Он все еще преподаватель, а еще ему до ледяного пота страшно. Юнги останавливается, мешкает, но в конечном счете оборачивается, и взгляд у него холодный и колючий. Интересно, он так же смотрел, когда отрывал от себя невменяемого Чимина? Или он не отрывал?
— Почему ты не хочешь, чтобы я поблагодарил тебя?
— За что?
— За то, что ты помог мне.
— На здоровье. Это все?
— Нет. Потому что я все еще хочу извиниться.
— За что? — почти рычит Юнги.
Чимин ни черта не понимает, и вот теперь он в ужасе. Но ответить ему не дают.

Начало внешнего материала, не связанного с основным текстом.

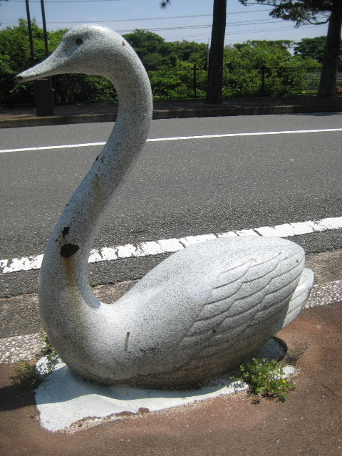 歩道端にはハクチョウのオブジェが設置されている。
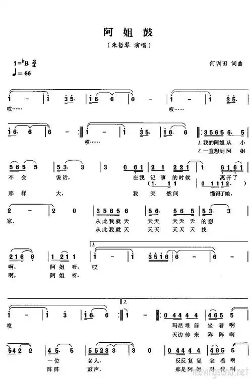 中国名歌《阿姐鼓》歌曲简谱 - 乐器教程网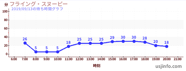 • フライング・スヌーピー$B$N(B2019年09月13日の待ち時間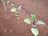 2こ収穫しました。まだちらほら花が咲いています。花が咲いていない枝は切り戻そうと思います。おいしい秋なすも食べたいから。 |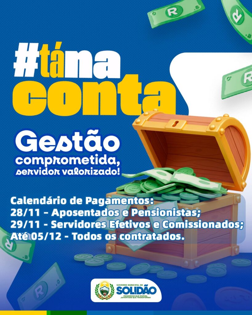 A Prefeitura Municipal de Solidão confirmou, nesta semana, o pagamento integral do mês de novembro para todas as categorias do funcionalismo público, reafirmando o compromisso da gestão com a valorização dos servidores e a responsabilidade na administração dos recursos públicos.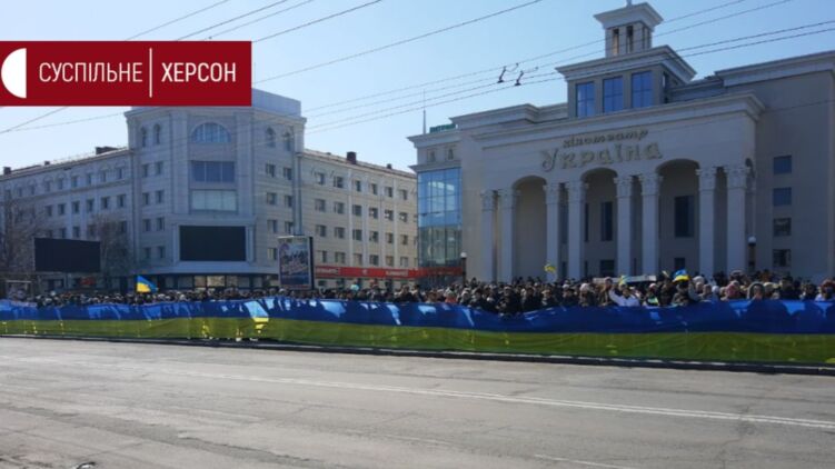 Жители Херсона на митинге против оккупации в начале марта. Фото: Суспільне Херсон

— Знаете что, сонсеним, — внезапно цедит Юнги, — запихайте себе свои извинения знаете куда? Знаете…
— Юнги, — шепчет Чимин.
Юнги несколько секунд смотрит на него, как будто на какую-то долю секунды с сожалением, а затем морщится, отворачиваясь:
— Да нахуй все это.
И вылетает из класса.
Оставшуюся часть дня он спит за своей партой. Или делает вид, что спит. Или копается в телефоне, или смотрит в окно. Чимин как учитель обязан сделать ему замечание на этот счет, но у него губы немеют, даже когда он просто думает об этом.
А на следующий день Юнги не приходит.
Еще через пару дней сквозь пелену самобичеваний разум Чимина цепляет в учительской раздраженную реплику физрука о том, что один из игроков баскетбольной команды очень не вовремя вздумал переводиться. Не видать теперь школе не то что тройки лидеров, они и из турнирной таблицы-то вылетят на ближайшей игре. И Чимин словно просыпается, как будто сквозь толщу воды к нему наконец прорывается воздух и звуки.

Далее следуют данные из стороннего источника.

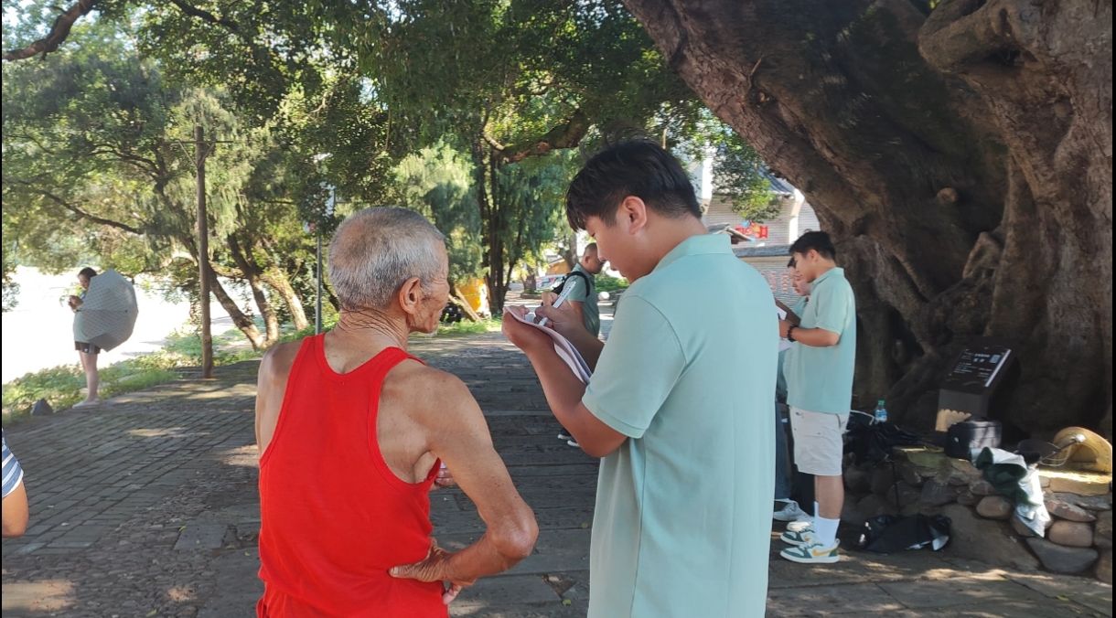 7月3日,见微实践队来到于都县段屋乡寒信村,聆听非遗特色文化活动——唱古文,在聆听中感受到非遗传承人的坚守,在百年榕树下,队员们手握柚子棒,细磨材料,尝一口擂茶,真切感受到了客家人的热情与真诚,领略到了客家文化的独特魅力。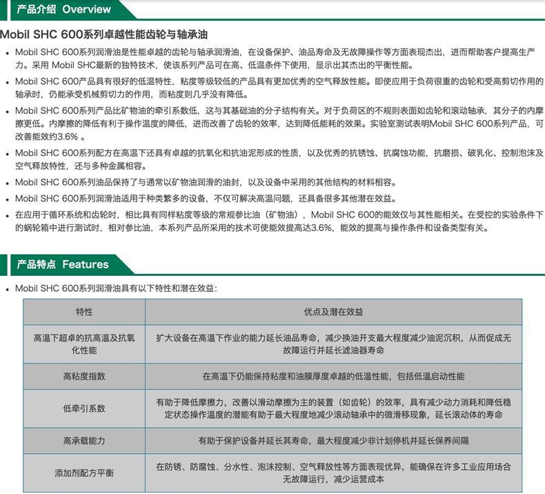 注意:Mobil SHC 600 系列不得用于航空领域,这表示该类产品不得设计或推荐用于飞机部件的润滑。

— Какой игрок? — прочищает он горло.
Так бесцеремонно, громко и резко влезая в чужой разговор, что слышат его с первого раза.
— Удивительная неосведомленность, господин Пак, — улыбается физрук. — Ваш же Мин уходит, а вы и не в курсе.
Чимина по спине ошпаривает этим шипящим, ошеломляющим «ваш». «Мой?» — в оцепенений повторяет он про себя и зачем-то представляет себе класс с опустевшим местом в самом конце правого ряда, у окна. К горлу подкатывает подозрительная тошнота, но на этот раз Чимин не позволяет слабости завладеть собой, а принимается в спешке искать в бумагах адрес Юнги. Уж лучше он сам уйдет. Но прежде Чимин хочет знать, что натворил.
Юнги дома не оказывается. Или Чимину просто не открывают. Чимин какое-то время сидит на лавочке возле подъезда, но в статичном состоянии ему только беспокойнее. Поэтому он поднимается и идет бродить по району вокруг. К черту учебный план на завтра, к черту эту жизнь, в которой он, человек, который выбрал своей профессией учить других, не может разобраться сам.
Триггером срабатывает знакомый стук мяча, и Чимин идет на этот звук, даже не задумываясь об этом, пока в конце концов не видит сквозь сетку знакомую узкую спину и вздыбленный затылок.
Чимин про себя это тайно называет «стокгольмским синдромом», не иначе, но на Юнги у него теперь только такая реакция — страшно, однако тянет с непреодолимой силой. Как любовь с первого взгляда, но ты не помнишь, когда этот взгляд случился. Как соулмэйты, но ты не знаешь, есть ли у вас что-то общее. Короче, дичь полнейшая, и взрослые люди обычно на такое не ведутся, а Чимин зачем-то любит изобрести себе велосипед на ровном месте.
Юнги, как чует его, — а, может, и в самом деле чует, — оборачивается и сводит напряженно брови. А после вздыхает и машет рукой в сторону пустых мини-трибун.
— Зачем ты пришел, хён? — спрашивает, когда они садятся.
— Теперь я, значит, хён? — хмыкает Чимин, а у самого сердце в горле трепыхается, как будто он сдает экзамен за всю свою жизнь, и если не сдаст, то сразу на эшафот или камнем на дно. Зато — мелькает малодушная мысль — не придется больше мучиться.
— Я теперь не твой ученик, — пожимает плечами Юнги. — Ты поэтому пришел? Опять будешь извиняться?..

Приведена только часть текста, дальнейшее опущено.